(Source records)

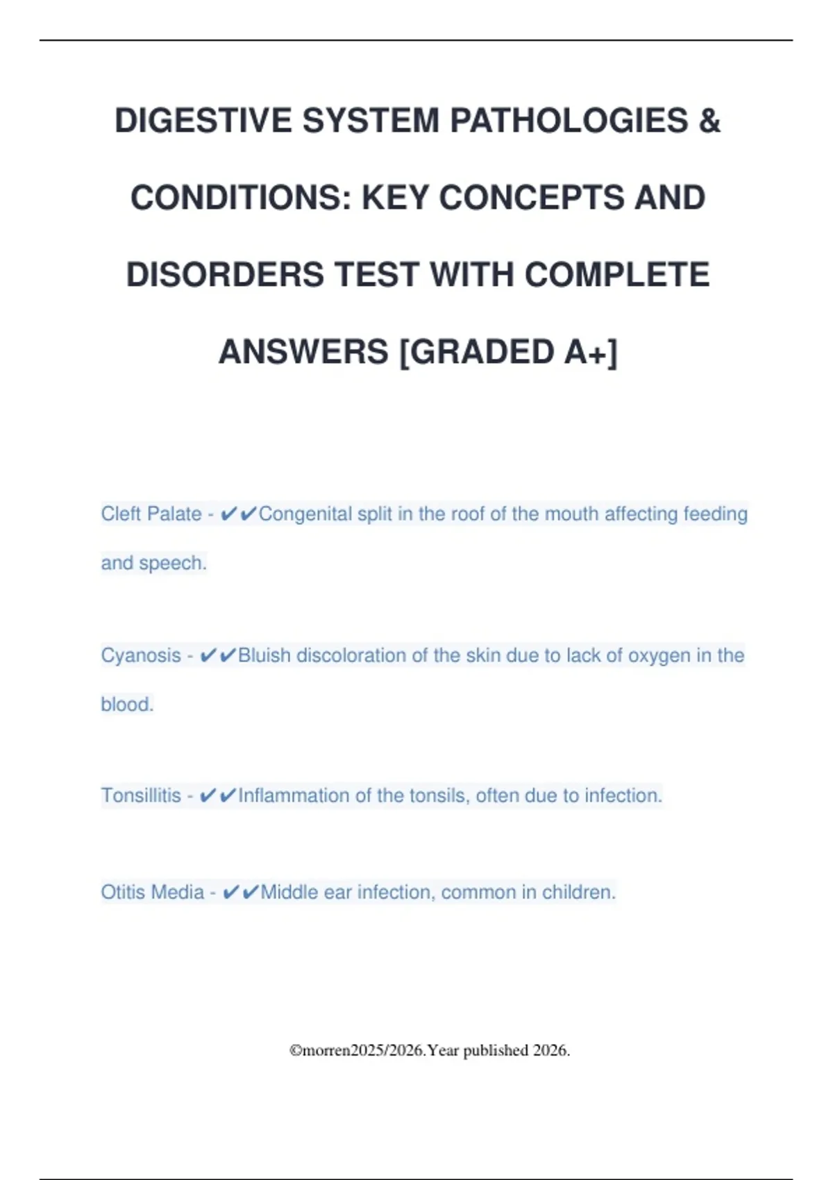 DIGESTIVE SYSTEM PATHOLOGIES & CONDITIONS: KEY CONCEPTS AND DISORDERS TEST WITH COMPLETE ANSWERS [GRADED A+] Cleft Palate - Congenital split in the roof of the mouth affecting feeding and speech. Cyanosis - Bluish discoloration of the skin due to lack of oxygen in the blood. Tonsillitis - Inflammation of the tonsils, often due to infection. Otitis Media - Middle ear infection, common in children. ©morren2025/2026.Year published 2026.
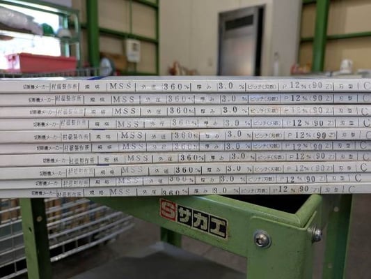 村橋製作所、外径360m/m、厚み3.0m/m、ピッチ:4 刃型BW(20枚)、6 刃型C(20枚)、
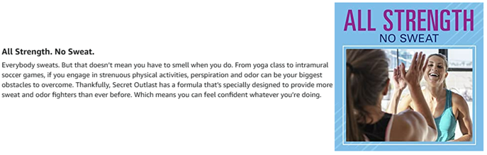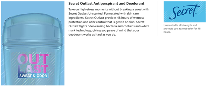 • Don't waste a moment worrying about sweat. Secret Outlast Antiperspirant Deodorant is all strength, no sweat
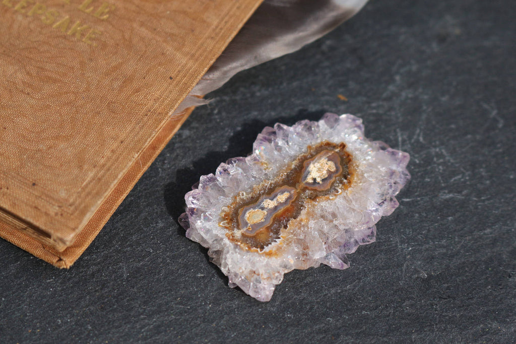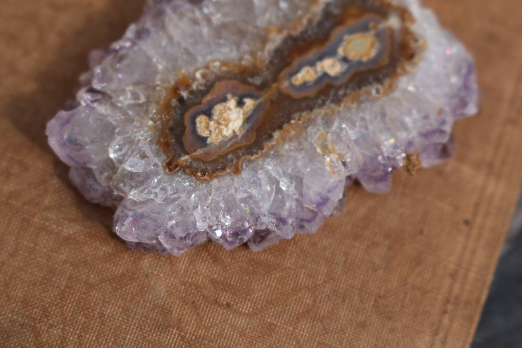 With shades of violet, a perfect little Amethyst Stalactite slice from Uruguay. Highly polished on both sides, rich with color and tiny pockets of rainbows. An absolutely perfect piece to wire wrap as a pendant and beautiful enough to display on its own or on a mini stand or easel.
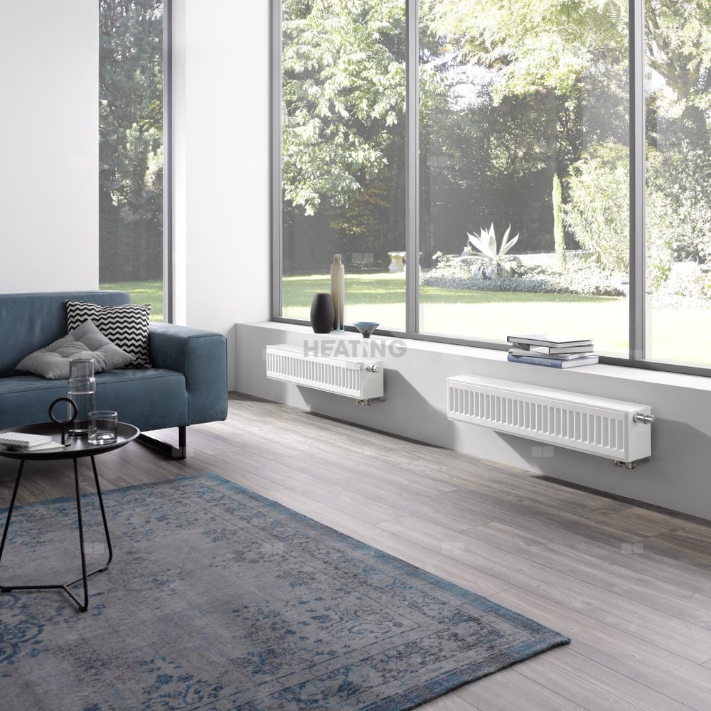 Grzejnik zaworowy Kermi jest podłączany od dołu z boku. Wkładka zaworowa ze wstępnie nastawionymi wartościami kv w grzejnikach zaworowych jest montowana fabrycznie.
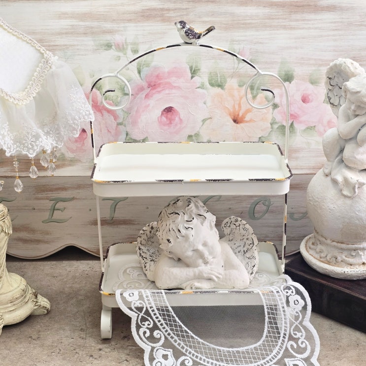 버드 2단 철제 선반 빈티지한 멋을 살린 2단 철제 트레이 입니다. 상단에는 귀여운 새 모양 장식이 포인트...
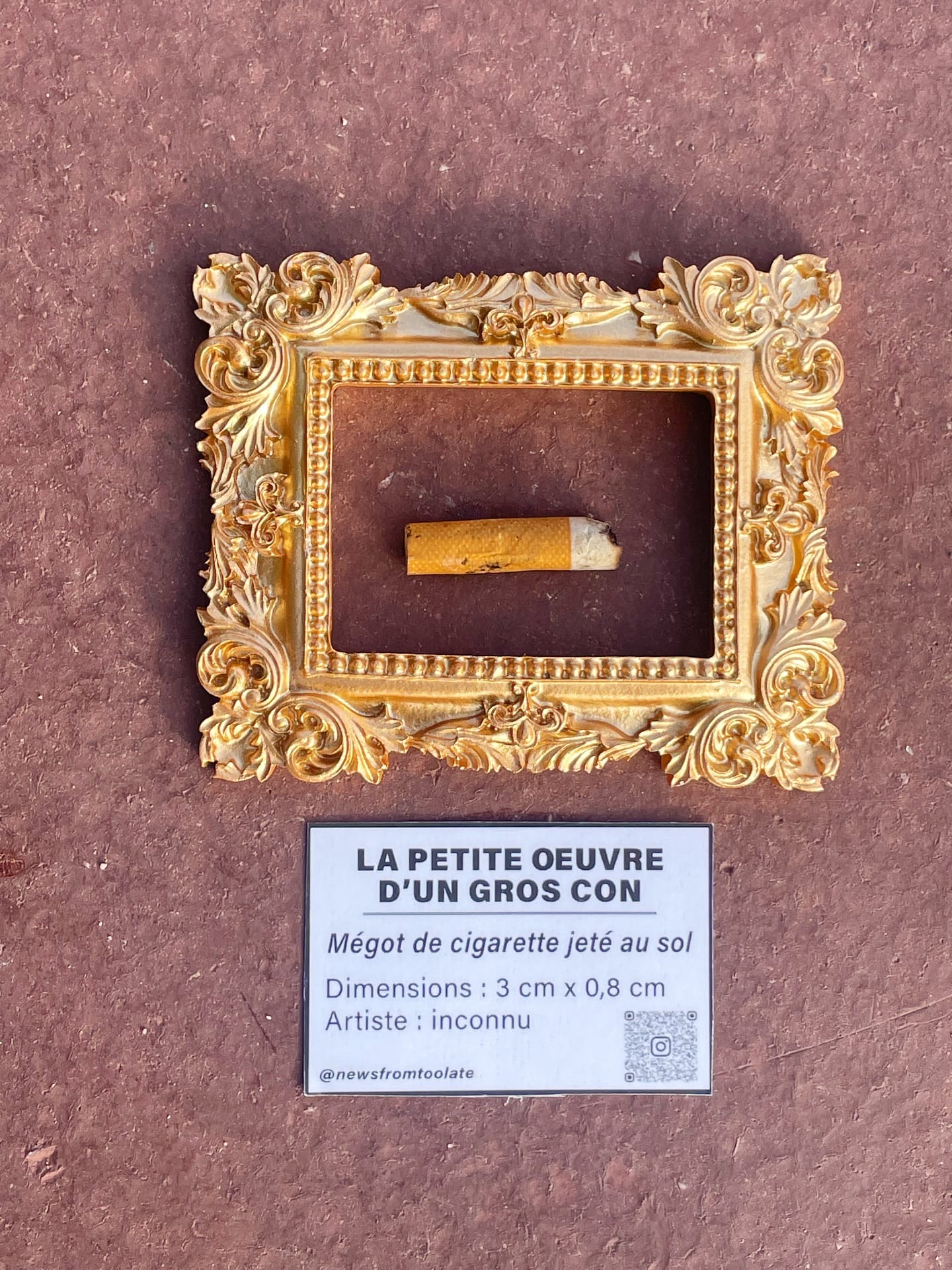 “Cent filtres” s’inscrit dans une démarche plus large, fidèle au parcours de TOOLATE. Depuis plusieurs années, l’artiste utilise l’art urbain comme un outil de dénonciation, en s’attaquant frontalement aux déchets, aux marques polluantes ou aux comportements jugés irresponsables. Nous vous invitons à aller découvrir l’ensemble de ses œuvres sur son compte Instagram.
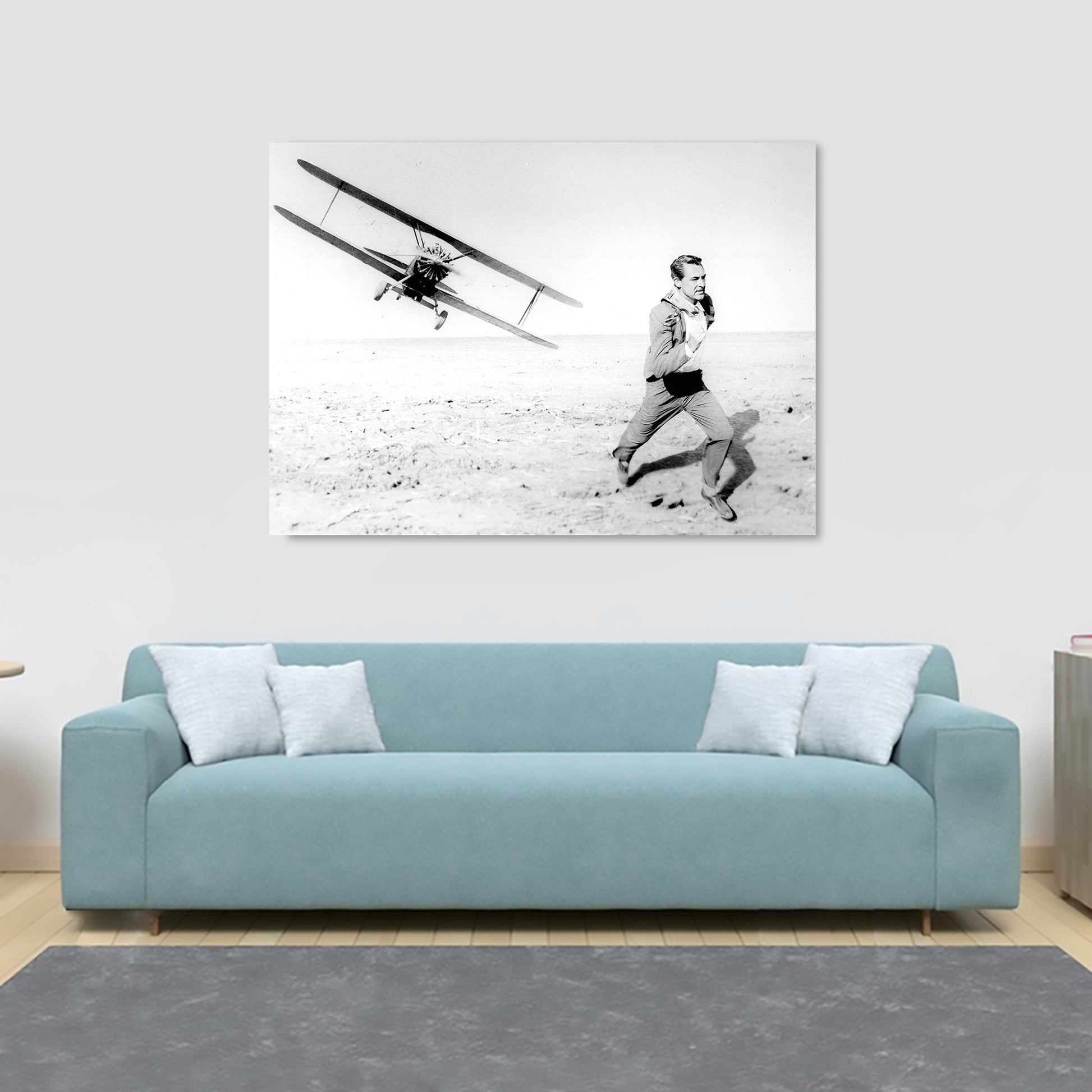 North by Northwest - Cary Grant Airplane Chase - Movie Wall Art - Canvas Wall Art Framed Print - Various Sizes
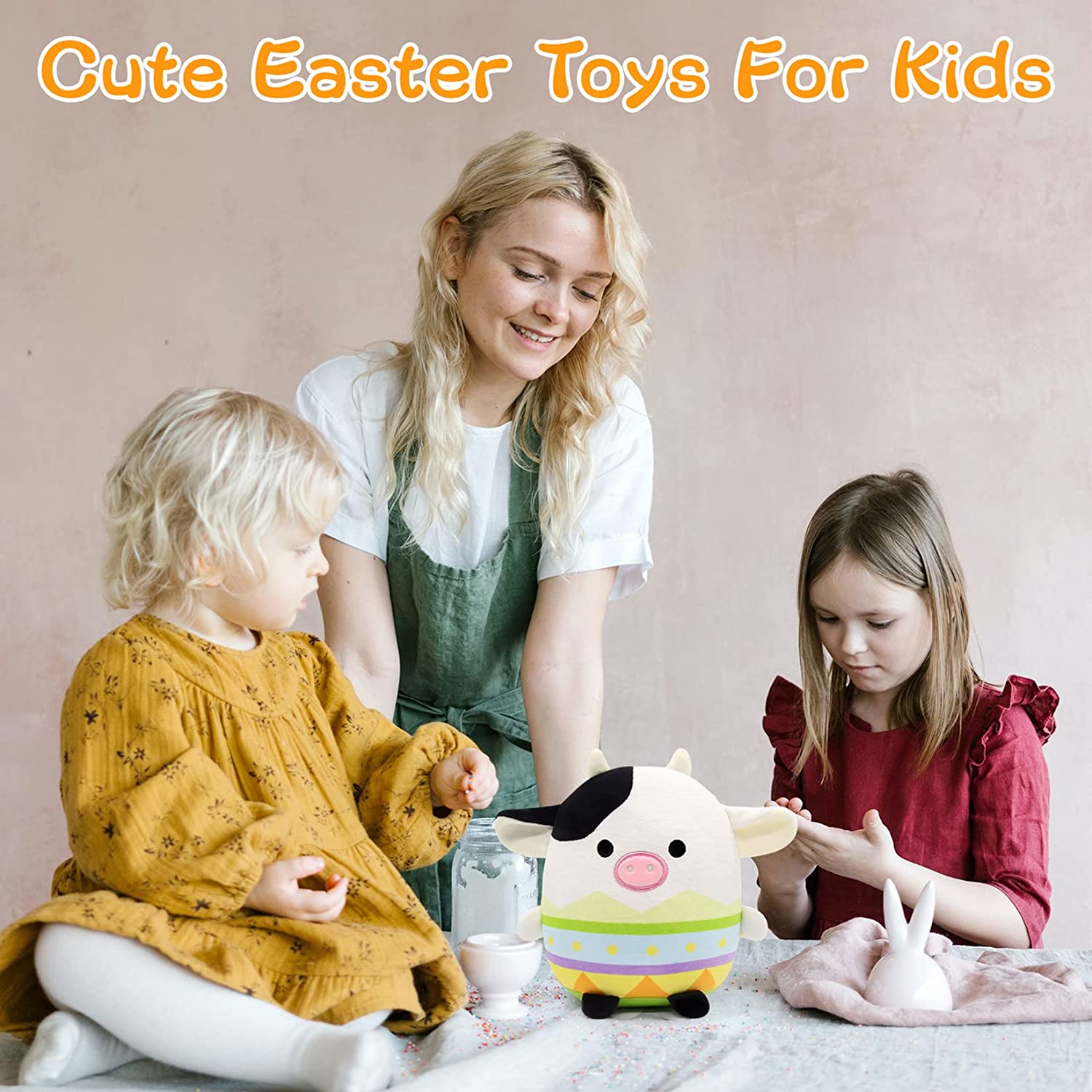 【 Cute Cow Plush toy design 】 This cow plush toy is carefully designed. It has long ears and wears egg clothes. It is an egg cow! It is very lovely and full of Easter atmosphere.
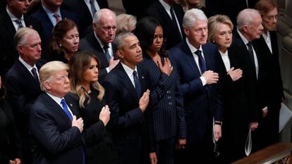 Republicano de vieja guardia y militar condecorado, su adiós recuerda al del senador John McCain, un héroe de la guerra de Vietnam, estimado por sus rivales políticos, ese tipo de político con el que a EE UU le gusta identificarse. Aquel funeral, el pasado verano, se convirtió en una bofetada a Trump: el presidente no fue invitado y los discursos de Obama y Bush arrojaron críticas encubiertas a la política del actual mandatario. Pero hubo tregua este miércoles en Washington, una tregua preparada con tiempo. La familia, según publicó The Washington Post, había hecho llegar al presidente que sería bienvenido al funeral, llegado el momento, y que las palabras de la ceremonia se centrarían en la vida y obra del difunto, no en las discrepancias políticas.
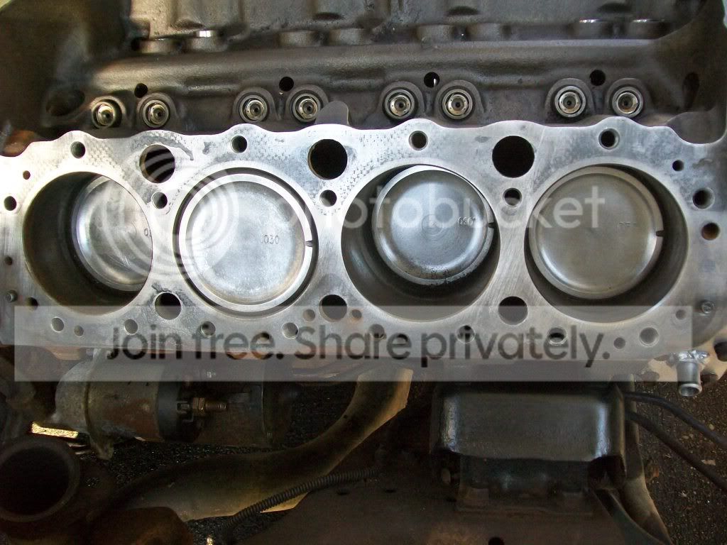 I had to pull the 416 heads. I got in touch with the guy I bought the old '84 project from, and he said that he always suspected something was wrong with one of the heads, he felt that one of them was cut down and one wasn't. I didn't even bother to check that when I did them, as I was so focused on so many other things. The engine ran fine with them, but just the idea of that made me upset. I already had a set of 187 heads that are now finished, and should flow the same as the 416's, without the worry of them being altered in any way. For peace of mind I really had to do that, plus I wanted to see how the pistons looked anyway, they look good...
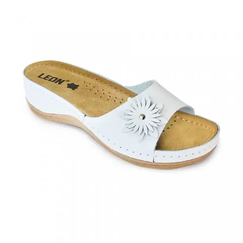 Saboți damă, de vară, din piele naturală, Leon 915, alb - saboții de damă Leon sunt potriviți în garderoba feminină. Saboții de vară Leon sunt confecționați din piele naturală 100% atât la interior, cât și la exterior, oferind confort ridicat și menținând picioarele uscate în zilele călduroase. Talpa interioară are gel cu memorie și menține confortul chiar și atunci când petreci multe ore în picioare sau mergi distanțe mari pe jos.
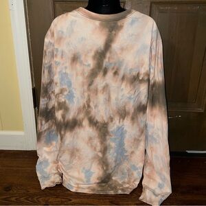 Nike Classic Tee Cream, Blue Brown Tie-Dye Long Sleeve Logo Cotton Shirt Size XL
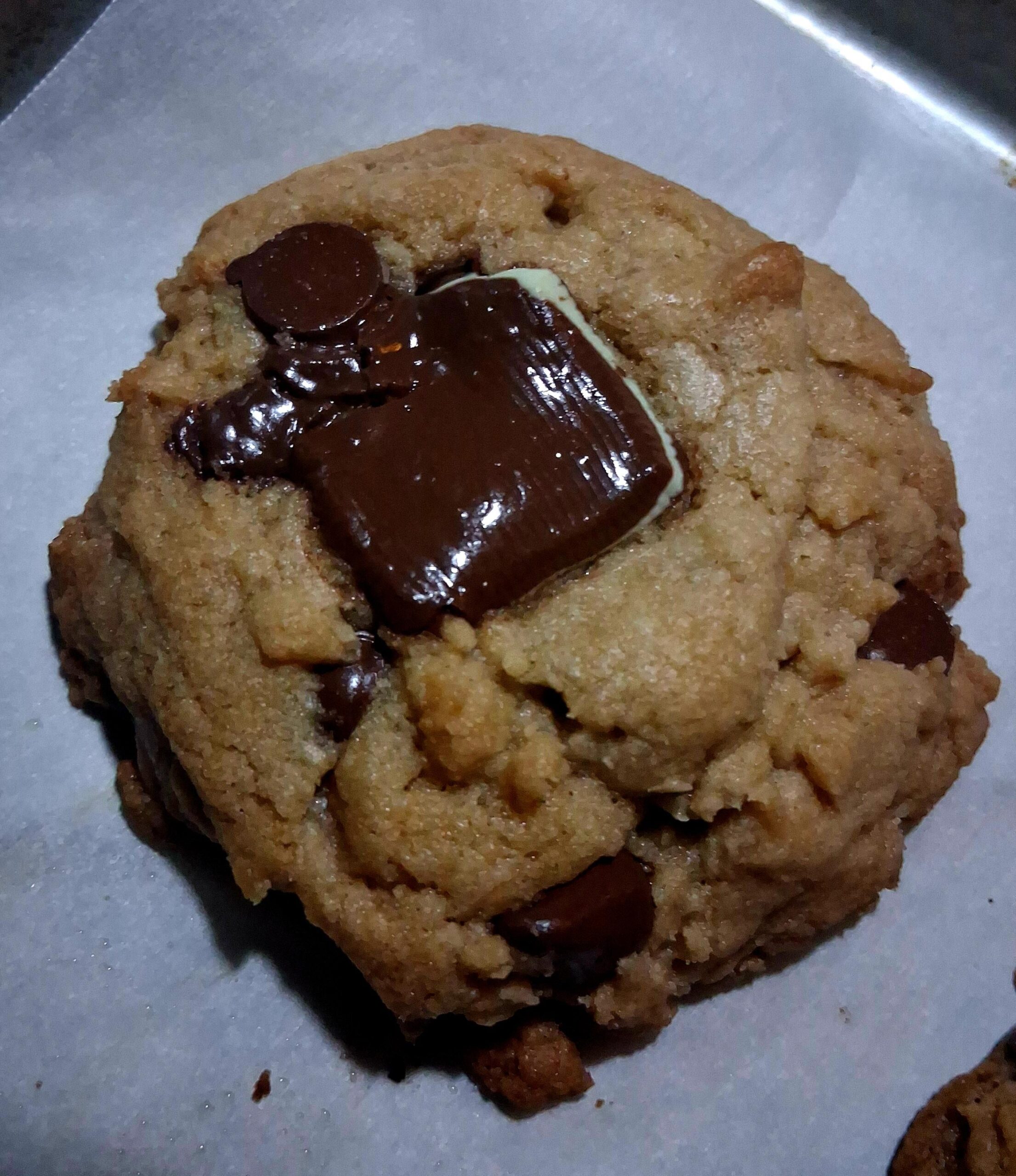 Inside is semi sweet chocolate chips, on top is 1/2 of an Andes chocolate mint candy.by Personal-Age-6999 1 Comment Bubbly57 1 week ago This cookie looks amazingly delicious 😋

• **Work order**
Word for word, print every record, and leave out any picture.

• **Exercise answer**
 DIGESTIVE SYSTEM PATHOLOGIES & CONDITIONS: KEY CONCEPTS AND DISORDERS TEST WITH COMPLETE ANSWERS [GRADED A+] Cleft Palate - Congenital split in the roof of the mouth affecting feeding and speech. Cyanosis - Bluish discoloration of the skin due to lack of oxygen in the blood. Tonsillitis - Inflammation of the tonsils, often due to infection. Otitis Media - Middle ear infection, common in children. ©morren2025/2026.Year published 2026.
 村橋製作所、外径360m/m、厚み3.0m/m、ピッチ:4 刃型BW(20枚)、6 刃型C(20枚)、
 • Don't waste a moment worrying about sweat. Secret Outlast Antiperspirant Deodorant is all strength, no sweat
 With shades of violet, a perfect little Amethyst Stalactite slice from Uruguay. Highly polished on both sides, rich with color and tiny pockets of rainbows. An absolutely perfect piece to wire wrap as a pendant and beautiful enough to display on its own or on a mini stand or easel.
 Grzejnik zaworowy Kermi jest podłączany od dołu z boku. Wkładka zaworowa ze wstępnie nastawionymi wartościami kv w grzejnikach zaworowych jest montowana fabrycznie.
 버드 2단 철제 선반 빈티지한 멋을 살린 2단 철제 트레이 입니다. 상단에는 귀여운 새 모양 장식이 포인트...
 “Cent filtres” s’inscrit dans une démarche plus large, fidèle au parcours de TOOLATE. Depuis plusieurs années, l’artiste utilise l’art urbain comme un outil de dénonciation, en s’attaquant frontalement aux déchets, aux marques polluantes ou aux comportements jugés irresponsables. Nous vous invitons à aller découvrir l’ensemble de ses œuvres sur son compte Instagram.
 North by Northwest - Cary Grant Airplane Chase - Movie Wall Art - Canvas Wall Art Framed Print - Various Sizes
 【 Cute Cow Plush toy design 】 This cow plush toy is carefully designed. It has long ears and wears egg clothes. It is an egg cow! It is very lovely and full of Easter atmosphere.
 Republicano de vieja guardia y militar condecorado, su adiós recuerda al del senador John McCain, un héroe de la guerra de Vietnam, estimado por sus rivales políticos, ese tipo de político con el que a EE UU le gusta identificarse. Aquel funeral, el pasado verano, se convirtió en una bofetada a Trump: el presidente no fue invitado y los discursos de Obama y Bush arrojaron críticas encubiertas a la política del actual mandatario. Pero hubo tregua este miércoles en Washington, una tregua preparada con tiempo. La familia, según publicó The Washington Post, había hecho llegar al presidente que sería bienvenido al funeral, llegado el momento, y que las palabras de la ceremonia se centrarían en la vida y obra del difunto, no en las discrepancias políticas.
 I had to pull the 416 heads. I got in touch with the guy I bought the old '84 project from, and he said that he always suspected something was wrong with one of the heads, he felt that one of them was cut down and one wasn't. I didn't even bother to check that when I did them, as I was so focused on so many other things. The engine ran fine with them, but just the idea of that made me upset. I already had a set of 187 heads that are now finished, and should flow the same as the 416's, without the worry of them being altered in any way. For peace of mind I really had to do that, plus I wanted to see how the pistons looked anyway, they look good...
 Saboți damă, de vară, din piele naturală, Leon 915, alb - saboții de damă Leon sunt potriviți în garderoba feminină. Saboții de vară Leon sunt confecționați din piele naturală 100% atât la interior, cât și la exterior, oferind confort ridicat și menținând picioarele uscate în zilele călduroase. Talpa interioară are gel cu memorie și menține confortul chiar și atunci când petreci multe ore în picioare sau mergi distanțe mari pe jos.
 Nike Classic Tee Cream, Blue Brown Tie-Dye Long Sleeve Logo Cotton Shirt Size XL
 Inside is semi sweet chocolate chips, on top is 1/2 of an Andes chocolate mint candy.by Personal-Age-6999 1 Comment Bubbly57 1 week ago This cookie looks amazingly delicious 😋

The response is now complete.